Each tape cartridge currently holds up to 1.5 TB (raw).

As a general rule, for tape we recommend including a contingency of 25% for growth and an additional 25% because tape cartridges are rarely filled 100%.

In addition, we recommend keeping two copies of every file, on two different pieces of media – so either buy twice as many tape cartridges, or store the second copy elsewhere than the PetaStore (for example, at one of the national supercomputing centers).

Purchases MUST be made through an approved reseller, and MUST be of approved model numbers.

WARNING: DON'T purchase ANY tape cartridges until you've consulted us first!
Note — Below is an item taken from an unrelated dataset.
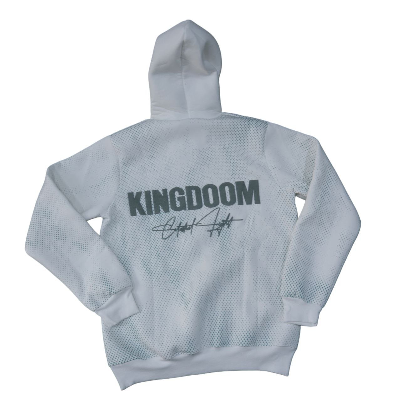 التصميم الخلفي (Focus): يركز التصميم على الجزء الخلفي للهودي، حيث تبرز كلمة “KINGDOM” بخط جريء وكبير باللون الرمادي الفاتح، مع توقيع أو شعار إضافي أسفلها. هذا التصميم الخلفي يجعله مثالياً لعشاق إطلالات “الشارع” التي تبرز الشعار من الخلف.

Our warranty coverage FORBIDS the use of unapproved tape cartridge brands, model numbers and/or vendors.

We’ll be happy to help you to execute a purchase.

Current pricing can be found here.

Please also note that, because tape cartridges are classed as "materials" instead of "permanent equipment," then if you're buying the tape cartridge(s) via external funds (for example, a grant), then your purchase is subject to Indirect Costs (IDC), also known as "Facilities & Administration."

For OU external funds, the rate can be found here. (Look for the "Organized Research" rate.)

Disk

The PetaStore has room for 600 disk drives, NOT expandable beyond 600 at all.

We already have 530 disk drives in place.

However, IBM no longer sells these disk drives, and our warranty FORBIDS the use of disk drives purchased from anyone else.

Therefore, at this time you CANNOT purchase disk drives for the PetaStore.

Purchasing Media

Contact us at:

We’ll help you coordinate with the appropriate resellers to get a quote and execute the purchase.

Details about purchasing can be found below.

Archiving vs Backups

Here, “backup” means “make copies of new and changed files frequently (incremental backup) and copies of all files infrequently (full dump).”

Whereas, “archive” means “Write Once, Read Seldom.”

The PetaStore is for ARCHIVING ONLY – NO BACKUPS.

What Data Can be Archived?

The PetaStore is intended for OPEN RESEARCH DATA.

The following categories are explicitly FORBIDDEN:

Also, if your files are subject to one or more Institutional Review Board (IRB) agreements governing human subjects research, whether OU's IRB or another institutions, then it's YOUR RESPONSIBILITY to ensure compliance.

Eligibility

Please note that, at the moment, we can accommodate only those users who fall into the categories at the top of this note.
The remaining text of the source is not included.